张一凡不太舒服地缩了缩肩膀,又收好东西,递给了毕勉:“你怎么突然想来这个公园了?”
这个公园是初中那会儿她们天天来的公园,也是张一凡第一次意识到自己可能喜欢毕勉的地方。
“想来。”毕勉脸上的笑就没下来过,把东西放回包里后又起身,拉住张一凡的手将她整个人拽了起来。
两人又接着往里面走。
临近中午了,公园自然没啥人。毕勉来这里的目的不纯,而张一凡纯粹觉得要给这人追自己的机会,就答应了。
其实她也有点私心,她想和毕勉多呆一会儿。
一直往里面走,有个建在池塘边上的亭子,一般里面都会有大爷大妈演奏古典乐器,可能这会儿都去吃饭了,无人坐在里头。
“坐会儿吗?”毕勉拉着张一凡往里走。
亭子周边被竹子围了起来,只有靠近池塘的那一面没围,除非路过进入亭子的那面,不然很难看见里面的场景。
“你想干嘛?”张一凡心觉不对,警惕地盯着她。
“没想干嘛啊?就只是坐会儿。”毕勉大概有些心虚,眼珠子转溜到了池塘边的芦苇上,随后指着那边说:“看那边有只青蛙。”
张一凡没信,一双眼睛直勾勾盯着她。
毕勉:……被看穿了。
“说吧,想干什么?”张一凡坐到她旁边,双手环抱。
选个这么隐蔽的地方,还能想干什么正经事?
毕勉脸上的笑渐渐淡了下来,她侧头看向池塘,荷花在层层叠叠的荷叶中若隐若现,“我以前是个木头,看不懂自己的感情,那时候对你却总是有种奇怪的占有欲。”
“我不想让别人看你,不想你和其他人交朋友。”
“每次来这个公园的时候,路过这里,我就在想,这个亭子很适合关人,被关的人无聊就可以看看池塘,看看青蛙。”
“那时候我就想把你关在这里,谁也看不见。”
张一凡顺着她的目光,望向那朵荷花,荷花像是被荷叶锁住,只能生长在这处不大的池塘,“毕勉,这不是爱。”

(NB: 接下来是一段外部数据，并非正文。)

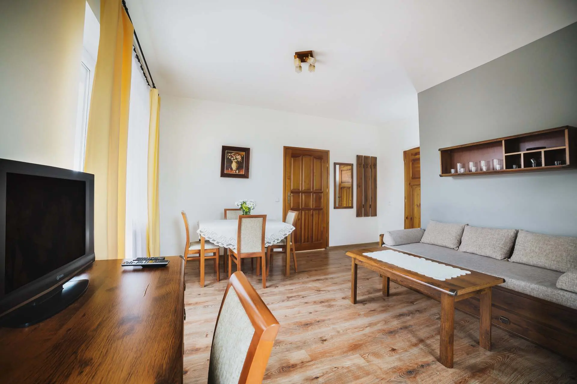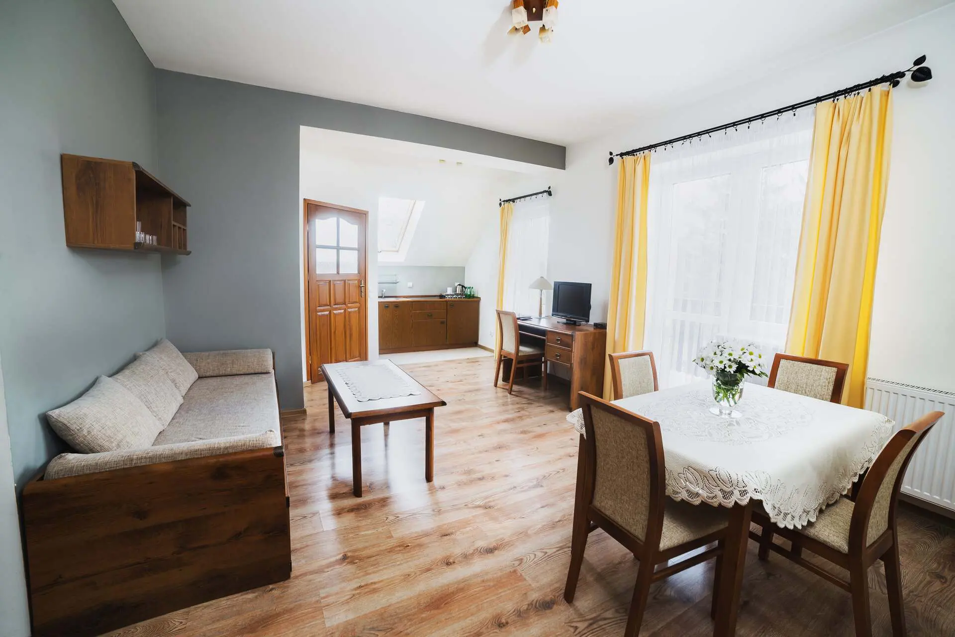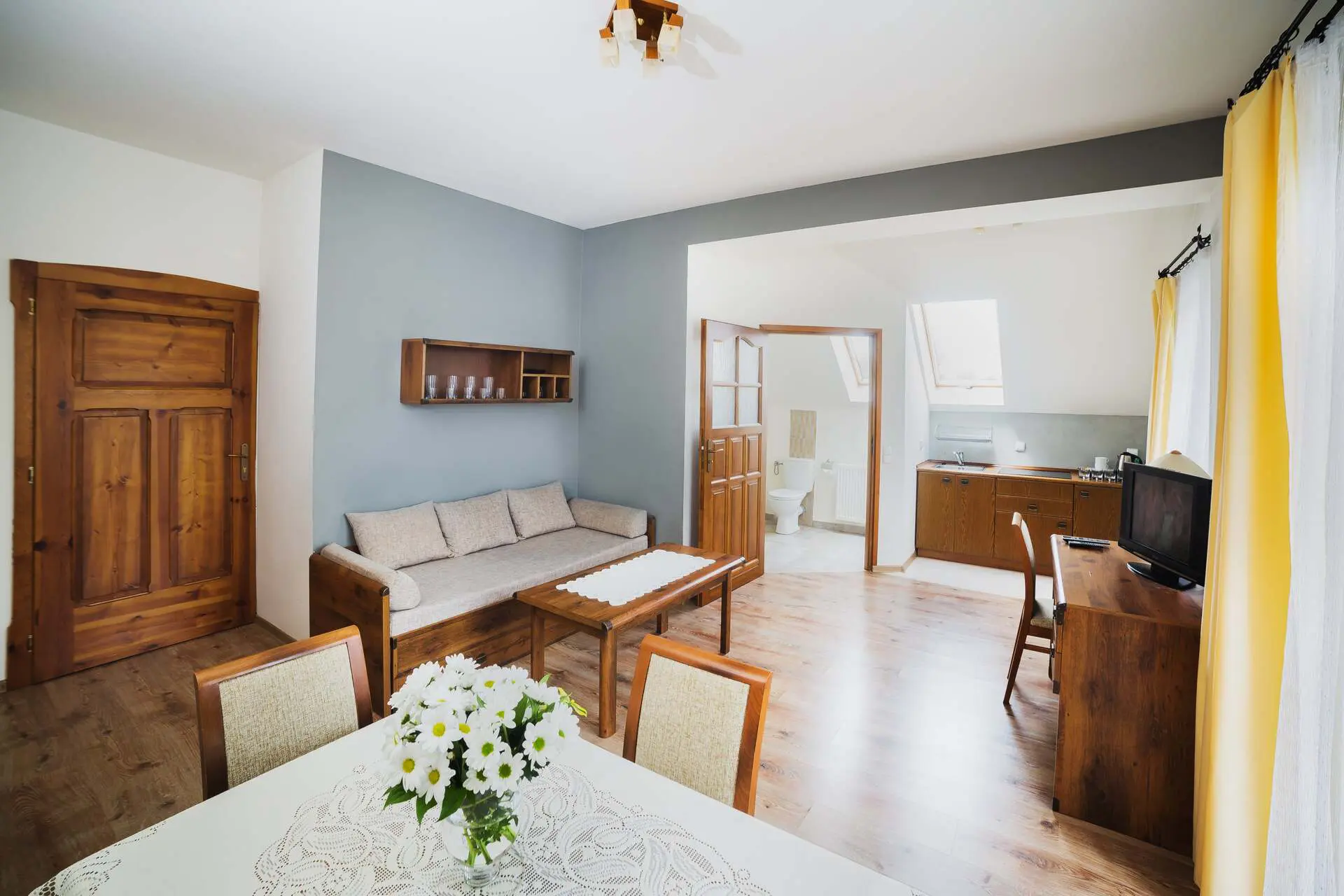 0 Za noc Apartament rodzinny z balkonem 40 4 łóżka 1 łazienkaApartament dwupokojowy o powierzchni ponad 40m2. W pokoju sypialnym są 3 pojedyncze łóżka, w pokoju wypoczynkowym jest rozkładana kanapa do podwójnego łóżka, aneks kuchenny, łazienka. Show more Hide allUdogodnienia w pokoju Aneks kuchenny Balkon lub taras Czajnik elektryczny Dostęp do Wi-Fi Kosmetyki Lodówka Łazienka z kabiną prysznicową Ręczniki Suszarka do włosów Szafa/garderoba Telewizor Zestaw powitalny

“可是对我来说,这是。”毕勉收回目光,脸上的笑彻底消失,留下的是那些堪称疯狂的执着:“我是个神经病,是个疯子,我的感情是畸形的。”
“这一切我都知道,可是我已经改不了了。”
张一凡平静的看着她,脸上没有露出毕勉想象中的惊恐和嫌恶,她顿时舒了口气,没有经过张一凡的同意,又一次拉近了彼此的距离,鼻尖相触,两双眸子之中只有对方,一双充斥无尽的痴狂,一双却只有深潭般的幽静。
“张一凡,我想送你个礼物。”
“你愿意接受吗?”
“什么礼物?”
“等我完成的那天,你就知道了。”
她的话神神秘秘的,张一凡不觉得能是个好东西,于是拒绝说:“那我不接受。”
毕勉久久无言,最后嘀咕了一句话,张一凡没有听清。
亭子里与外边不是一个世界,外面阳光毒辣,亭内凉风不绝。张一凡和毕勉也不想再走动了,靠在护栏上望着池塘,风吹过,荷花摇曳,荷叶伴舞。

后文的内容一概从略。